**Exercise requirements**. For every record that follows, write out the text exactly and omit the picture, if one is present.

* * * * * * * * *

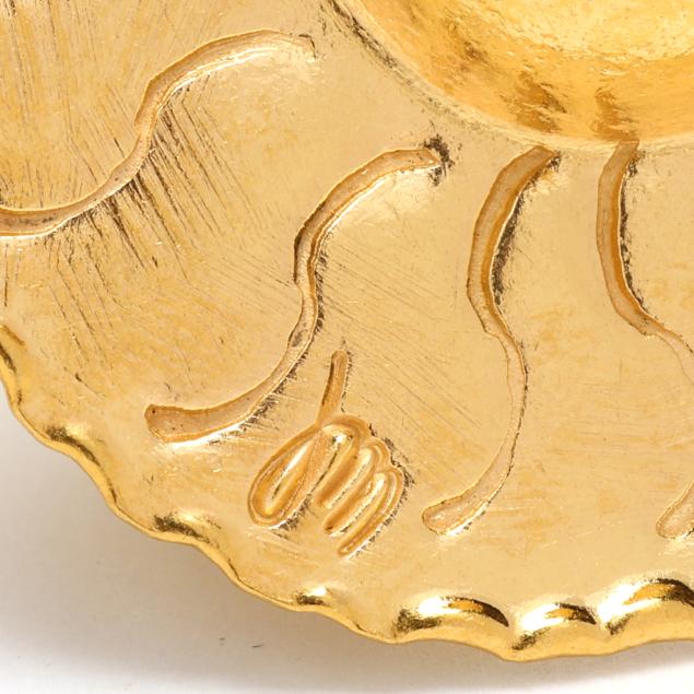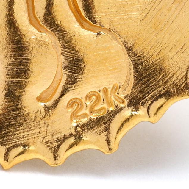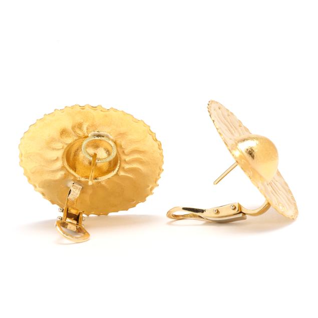 Hand-formed sun motif earrings with convex center and incised rays, completed with posts and omega clip backs, signed and stamped 22K.
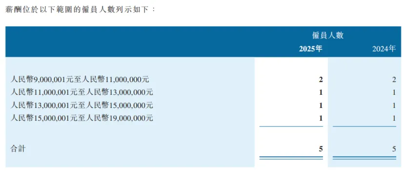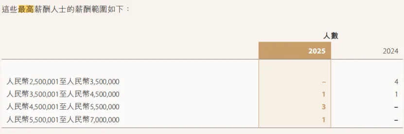 之前出过不少的高薪员工的中金公司,2025年及2024年薪酬最高的5个人中没有一位是公司的董事或监事。
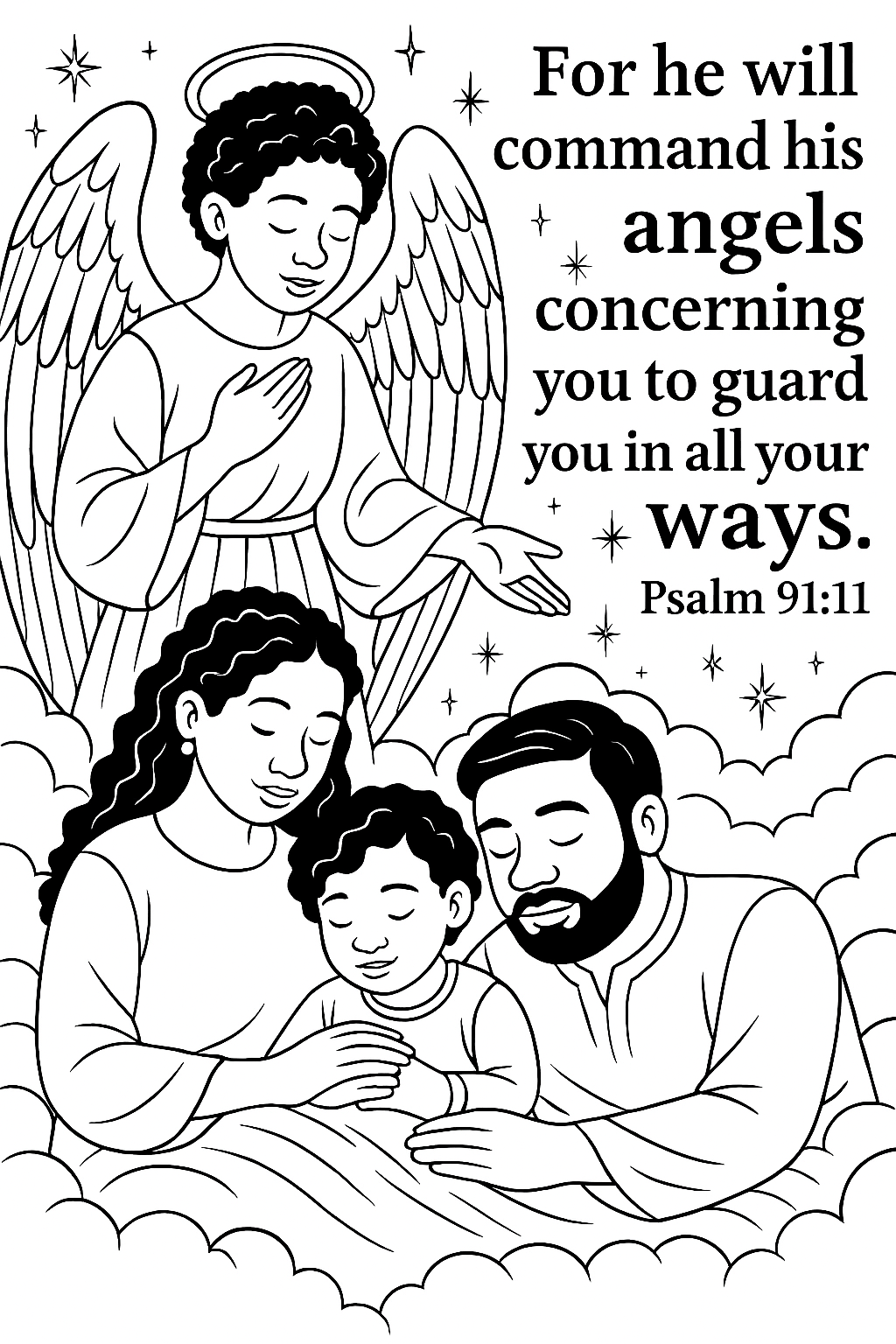 👼 Angels Guard Us – Psalm 91:11 Family Scripture Coloring Page
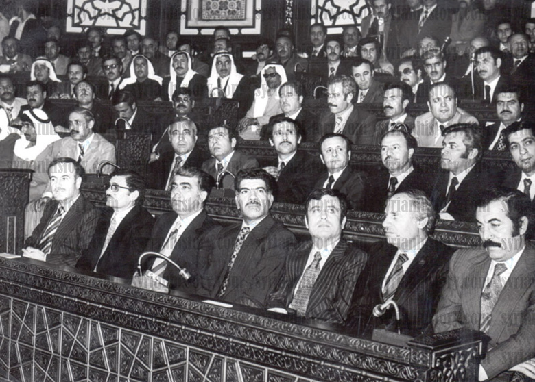 Хафез Асад (сидит слева в первом ряду) на своей первой президентской инаугурации, март 1971 года. Впоследствии диктатор переизберётся ещё четырежды
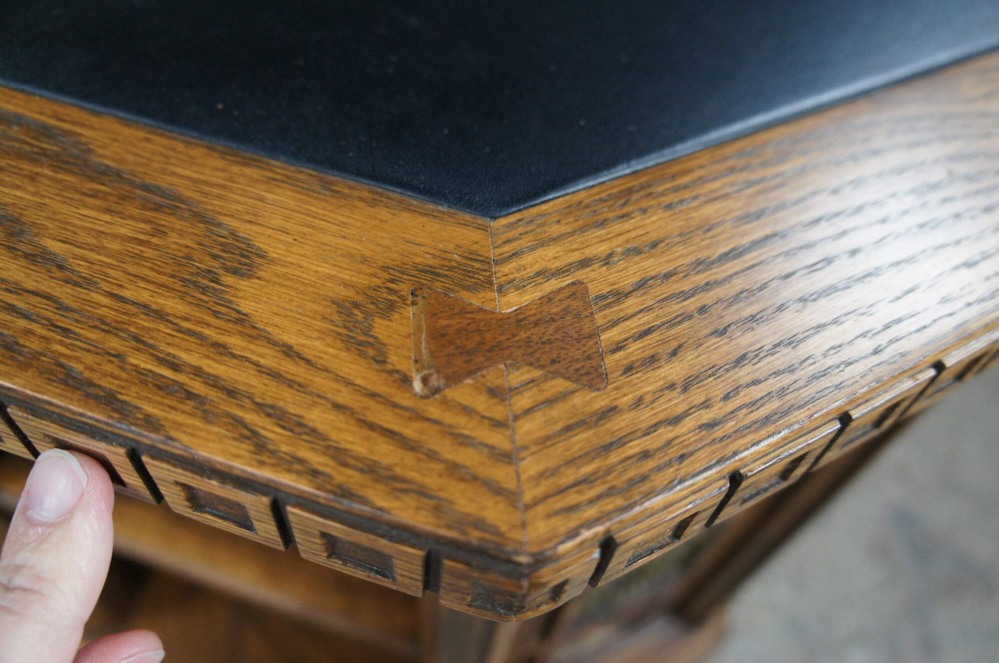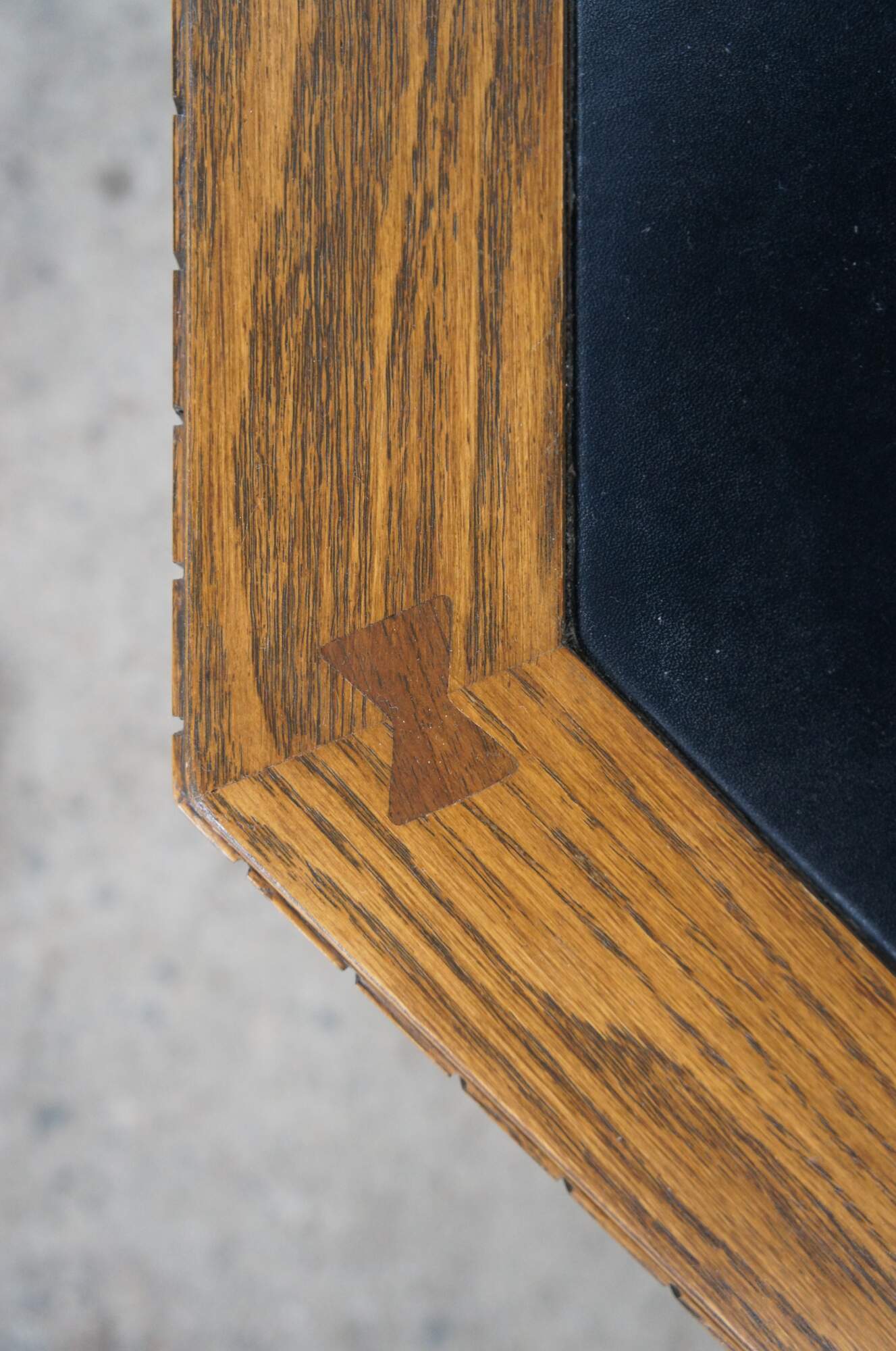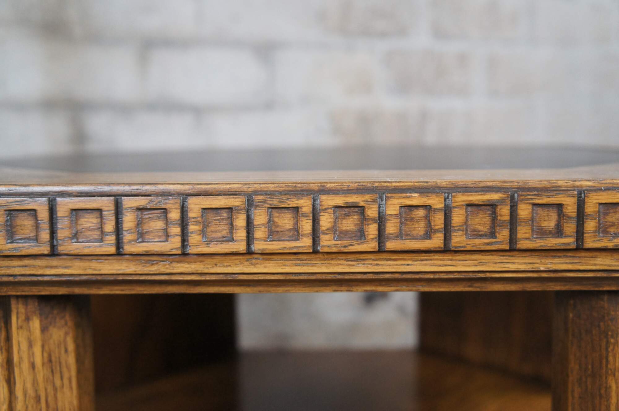 Romweber (R-14592) Viking Oak Zodiac End Table, circa 1974. Features an octagonal carved oak tiered frame with black leather inset top and bowtie (butterfly joint) dovetailing. Frieze shows a striking square notched apron over carved pillars with each of 12 Zodiac symbols. An iconic piece from the mid century era.

* * * * * * * * *

**Answer to the problem**.
 Hand-formed sun motif earrings with convex center and incised rays, completed with posts and omega clip backs, signed and stamped 22K.
 之前出过不少的高薪员工的中金公司,2025年及2024年薪酬最高的5个人中没有一位是公司的董事或监事。
 👼 Angels Guard Us – Psalm 91:11 Family Scripture Coloring Page
 Хафез Асад (сидит слева в первом ряду) на своей первой президентской инаугурации, март 1971 года. Впоследствии диктатор переизберётся ещё четырежды
 Romweber (R-14592) Viking Oak Zodiac End Table, circa 1974. Features an octagonal carved oak tiered frame with black leather inset top and bowtie (butterfly joint) dovetailing. Frieze shows a striking square notched apron over carved pillars with each of 12 Zodiac symbols. An iconic piece from the mid century era.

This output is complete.